2. shrinking the Transactional Log on the primary. When you see the DBCC Loginfo output and if you see unused (status=0) more virtual log files inside the Transaction log in the database then that might cause the LS Restore job to take more time to recover the database on the secondary for each Tlog backup restore,which may lead into the keep the job always in run state. So try to shrink the Tlog on the Priamry and check if needed after shrink, take a full backup and restore on the secondary without breaking the Log shipping.

Hope this helps...

Thanks
Jay
http://www.sqldbops.com

Mark Shepherd-435962 Mr or Mrs. 500 Points: 568 More actions · Answer 2

I think you need to find out why the restore of the log file is taking so long.

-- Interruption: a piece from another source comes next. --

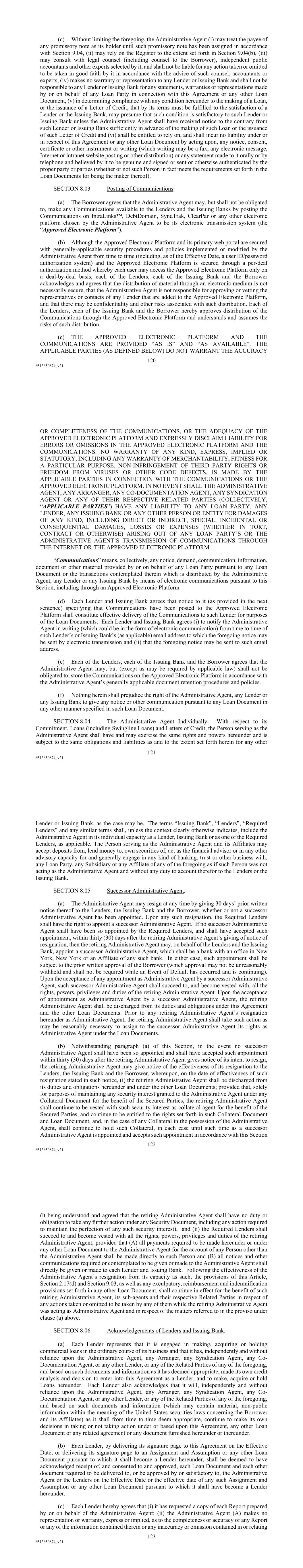 120 #513650874_v21 (c) Without limiting the foregoing, the Administrative Agent (i) may treat the payee of any promissory note as its holder until such promissory note has been assigned in accordance with Section 9.04, (ii) may rely on the Register to the extent set forth in Section 9.04(b), (iii) may consult with legal counsel (including counsel to the Borrower), independent public accountants and other experts selected by it, and shall not be liable for any action taken or omitted to be taken in good faith by it in accordance with the advice of such counsel, accountants or experts, (iv) makes no warranty or representation to any Lender or Issuing Bank and shall not be responsible to any Lender or Issuing Bank for any statements, warranties or representations made by or on behalf of any Loan Party in connection with this Agreement or any other Loan Document, (v) in determining compliance with any condition hereunder to the making of a Loan, or the issuance of a Letter of Credit, that by its terms must be fulfilled to the satisfaction of a Lender or the Issuing Bank, may presume that such condition is satisfactory to such Lender or Issuing Bank unless the Administrative Agent shall have received notice to the contrary from such Lender or Issuing Bank sufficiently in advance of the making of such Loan or the issuance of such Letter of Credit and (vi) shall be entitled to rely on, and shall incur no liability under or in respect of this Agreement or any other Loan Document by acting upon, any notice, consent, certificate or other instrument or writing (which writing may be a fax, any electronic message, Internet or intranet website posting or other distribution) or any statement made to it orally or by telephone and believed by it to be genuine and signed or sent or otherwise authenticated by the proper party or parties (whether or not such Person in fact meets the requirements set forth in the Loan Documents for being the maker thereof). SECTION 8.03 Posting of Communications. (a) The Borrower agrees that the Administrative Agent may, but shall not be obligated to, make any Communications available to the Lenders and the Issuing Banks by posting the Communications on IntraLinks™, DebtDomain, SyndTrak, ClearPar or any other electronic platform chosen by the Administrative Agent to be its electronic transmission system (the “Approved Electronic Platform”). (b) Although the Approved Electronic Platform and its primary web portal are secured with generally-applicable security procedures and policies implemented or modified by the Administrative Agent from time to time (including, as of the Effective Date, a user ID/password authorization system) and the Approved Electronic Platform is secured through a per-deal authorization method whereby each user may access the Approved Electronic Platform only on a deal-by-deal basis, each of the Lenders, each of the Issuing Bank and the Borrower acknowledges and agrees that the distribution of material through an electronic medium is not necessarily secure, that the Administrative Agent is not responsible for approving or vetting the representatives or contacts of any Lender that are added to the Approved Electronic Platform, and that there may be confidentiality and other risks associated with such distribution. Each of the Lenders, each of the Issuing Bank and the Borrower hereby approves distribution of the Communications through the Approved Electronic Platform and understands and assumes the risks of such distribution. (c) THE APPROVED ELECTRONIC PLATFORM AND THE COMMUNICATIONS ARE PROVIDED “AS IS” AND “AS AVAILABLE”. THE APPLICABLE PARTIES (AS DEFINED BELOW) DO NOT WARRANT THE ACCURACY 121 #513650874_v21 OR COMPLETENESS OF THE COMMUNICATIONS, OR THE ADEQUACY OF THE APPROVED ELECTRONIC PLATFORM AND EXPRESSLY DISCLAIM LIABILITY FOR ERRORS OR OMISSIONS IN THE APPROVED ELECTRONIC PLATFORM AND THE COMMUNICATIONS. NO WARRANTY OF ANY KIND, EXPRESS, IMPLIED OR STATUTORY, INCLUDING ANY WARRANTY OF MERCHANTABILITY, FITNESS FOR A PARTICULAR PURPOSE, NON-INFRINGEMENT OF THIRD PARTY RIGHTS OR FREEDOM FROM VIRUSES OR OTHER CODE DEFECTS, IS MADE BY THE APPLICABLE PARTIES IN CONNECTION WITH THE COMMUNICATIONS OR THE APPROVED ELECTRONIC PLATFORM. IN NO EVENT SHALL THE ADMINISTRATIVE AGENT, ANY ARRANGER, ANY CO-DOCUMENTATION AGENT, ANY SYNDICATION AGENT OR ANY OF THEIR RESPECTIVE RELATED PARTIES (COLLECTIVELY, “APPLICABLE PARTIES”) HAVE ANY LIABILITY TO ANY LOAN PARTY, ANY LENDER, ANY ISSUING BANK OR ANY OTHER PERSON OR ENTITY FOR DAMAGES OF ANY KIND, INCLUDING DIRECT OR INDIRECT, SPECIAL, INCIDENTAL OR CONSEQUENTIAL DAMAGES, LOSSES OR EXPENSES (WHETHER IN TORT, CONTRACT OR OTHERWISE) ARISING OUT OF ANY LOAN PARTY’S OR THE ADMINISTRATIVE AGENT’S TRANSMISSION OF COMMUNICATIONS THROUGH THE INTERNET OR THE APPROVED ELECTRONIC PLATFORM. “Communications” means, collectively, any notice, demand, communication, information, document or other material provided by or on behalf of any Loan Party pursuant to any Loan Document or the transactions contemplated therein which is distributed by the Administrative Agent, any Lender or any Issuing Bank by means of electronic communications pursuant to this Section, including through an Approved Electronic Platform. (d) Each Lender and Issuing Bank agrees that notice to it (as provided in the next sentence) specifying that Communications have been posted to the Approved Electronic Platform shall constitute effective delivery of the Communications to such Lender for purposes of the Loan Documents. Each Lender and Issuing Bank agrees (i) to notify the Administrative Agent in writing (which could be in the form of electronic communication) from time to time of such Lender’s or Issuing Bank’s (as applicable) email address to which the foregoing notice may be sent by electronic transmission and (ii) that the foregoing notice may be sent to such email address. (e) Each of the Lenders, each of the Issuing Bank a

Do a manual transaction log restore (i.e. restore log abc from disk = '<logshipping file folder/abc.log>' with norecovery) and look at the mb/sec for the restore. If this is very slow then you may have a disk or network problem depending on where you are restoring the logs from.

If it is slow then get this sorted, try different log file locations, on different local storage or network shares.

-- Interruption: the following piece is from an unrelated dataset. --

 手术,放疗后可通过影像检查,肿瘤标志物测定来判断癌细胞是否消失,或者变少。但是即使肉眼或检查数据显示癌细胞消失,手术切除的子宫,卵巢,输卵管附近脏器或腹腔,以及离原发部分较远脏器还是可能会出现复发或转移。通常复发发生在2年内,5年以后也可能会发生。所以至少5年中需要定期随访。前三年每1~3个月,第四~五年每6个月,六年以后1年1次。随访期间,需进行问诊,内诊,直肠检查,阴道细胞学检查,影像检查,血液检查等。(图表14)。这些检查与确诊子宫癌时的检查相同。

Check also that you don't have a lot of old log files sitting in the log shipping folder for the transaction logs.

This will cause the restore job to scan and try to apply all log files until it gets to the latest file to restore. You will also see high CPU utilization while this is occurring.

Hope this helps.

SwedishOrr SSCrazy Points: 2955 More actions · Answer 3

Mark, can you elaborate on how I can look at the mb/sec for the restore? Thanks.

Mark Shepherd-435962 Mr or Mrs. 500 Points: 568 More actions · Answer 4

When you do a log restore manually you should get something like this.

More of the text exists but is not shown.